Jane drops Tommys hand: busted.
But now parallel construction is happening for real:
A secretive U.S. Drug Enforcement Administration unit is funneling information from intelligence intercepts, wiretaps, informants and a massive database of telephone records to authorities across the nation to help them launch criminal investigations of Americans.
Although these cases rarely involve national security issues, documents reviewed by Reuters show that law enforcement agents have been directed to conceal how such investigations truly begin – not only from defense lawyers but also sometimes from prosecutors and judges.
The undated documents show that federal agents are trained to “recreate” the investigative trail to effectively cover up where the information originated, a practice that some experts say violates a defendant’s Constitutional right to a fair trial. If defendants don’t know how an investigation began, they cannot know to ask to review potential sources of exculpatory evidence – information that could reveal entrapment, mistakes or biased witnesses.

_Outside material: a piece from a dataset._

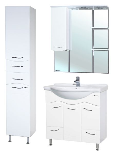 В производстве используют только качественные влагостойкие материалы (ВЛДСП), в составе которых полностью отсутствуют опасные вещества. Данная серия выполнена в эксклюзивном дизайнерском решении в лучших традициях современного стиля. Белый, основной цвет исполнения Bellezza, гармонирующий с большинством интерьерных решений. Шкаф-зеркало предусматривает удобную и вместительную систему хранения. Зеркало Bellezza оснащено галогеновой подсветкой, позволяющей комфортно провести утренние процедуры.

In the past, the mere fact that parallel construction occurs from secretive places no one talks about would likely be quashed by the “states secret” privilege. Fortunately, it appears that judges may be having second thoughts about allowing the government to indiscriminately exercise the “states secret” privilege as evident in Judge White’s ruling1 on the motion for partial summary judgment in Jewel v. NSA:
From www.eff.org:
In the ruling, Judge Jeffrey White of the Northern District of California federal court agreed with EFF that the very subject matter of the lawsuit is not a state secret, and any properly classified details can be litigated under the procedures of the Foreign Intelligence Surveillance Act (FISA).
Unfortunately, the NSA are likely collecting everything, contents word for word, everything of every domestic communication in this country, including content from Supreme Court Justices:
0The NSA were targeting individuals. In that case, they were judges like the Supreme Court. I held in my hand Judge Alito’s targeting information for his phones and his staff and his family.